In fact, the expense of a few combinations of chronic diseases drives Medicare spending to an astonishing degree. The four costliest three-disease combinations include beneficiaries with stroke, chronic kidney disease, and either asthma, chronic obstructive pulmonary disease, depression, or heart failure.
Total per capita costs for beneficiaries with these combinations of disease exceed $60,000---seven times that of the average Medicare beneficiary.
Background on legislation
Senator Wyden proposed legislation in 2014 that would have established Better Care Plans (BPCs), a variation on Accountable Care Organizations, aimed at improving coordination of high cost, chronically ill Medicare beneficiaries. By requiring beneficiaries to actively enroll in such plans, they offered the potential to better engage patients, as multiple panelists at the event recommended.
Subsequently, in July 2014, the Senate Finance Committee held a hearing on how to address the unmet needs of patients with chronic illness, focusing on experiences of patients, caregivers, payers and health systems that have been involved in care for individuals with chronic disease. The following Finance Committee hearing on chronic care, in May 2015, focused on how to mobilize a plan, with prominent policy administrators and experts Patrick Conway and Mark Miller as witnesses.
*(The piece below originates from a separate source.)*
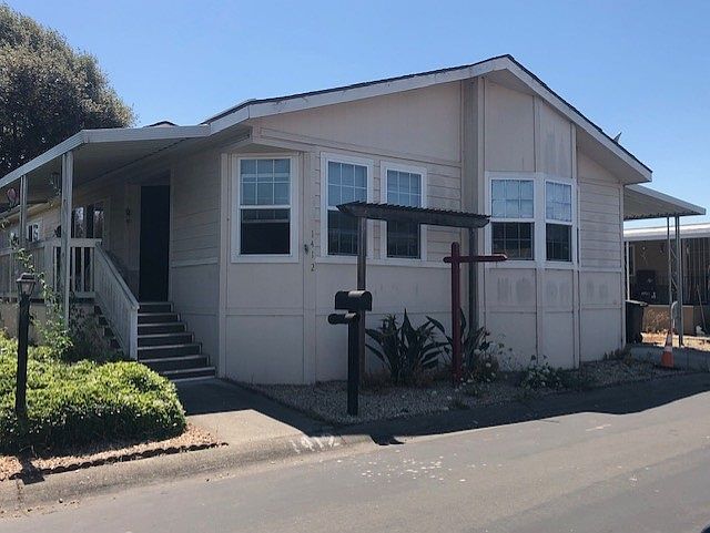 Manufactured Home in Spanish Ranch 1, all age mobile home park, has: 3 bedrooms; 2 full baths; vaulted ceilings throughout; spacious kitchen with island and nook area; separate dining room area; living room with wood burning fireplace; laminate flooring in living room, dining room, and hall; master suite with private bath and large walk in closet; 2 cell clerestory skylight in living room and 1 cell clerestory skylight in kitchen, indoor laundry room with washer and dryer; storage shed; home near guest parking; AC unit and more!

Building on this, Senators Wyden and Hatch announced the launch of an on-going, bipartisan working group on improving chronic care for Medicare beneficiaries that released a policy options paper in December 2015 that outlined six key areas of reform.
Four areas of reform discussed at the event
Framed around “Updating the Medicare guarantee,” Senator Wyden focused on four key areas of chronic care reform at the Schaeffer Initiative event:
Coordination. The first of these four reform topics was coordination. While he credited the positive impact of free wellness visits, follow up coordination without added burdens on the patients is needed. Medicare recently added a fee code that newly reimburses physicians for the labor-intensive task of connecting all the dots associated with a chronically ill patient’s care.
Targeted home visits. Second, Senator Wyden cited appropriate care in the home as a source of untapped Medicare savings and improved quality of life for seniors. He highlighted the Independence At Home (IAH) demonstration, touting early results indicating a savings of $3,000 per Medicare beneficiary.
Additionally, policymakers have argued that Medicare’s Accountable Care Organizations—physician groups accountable for quality and total cost of care for Medicare beneficiaries—are hampered by reimbursement constraints. Notable among the services that could be used more effectively is telemedicine. Another reform noted in the bipartisan working group policy options paper would waive telehealth reimbursement requirements for Accountable Care Organizations that had agreed to take on risk for financial losses.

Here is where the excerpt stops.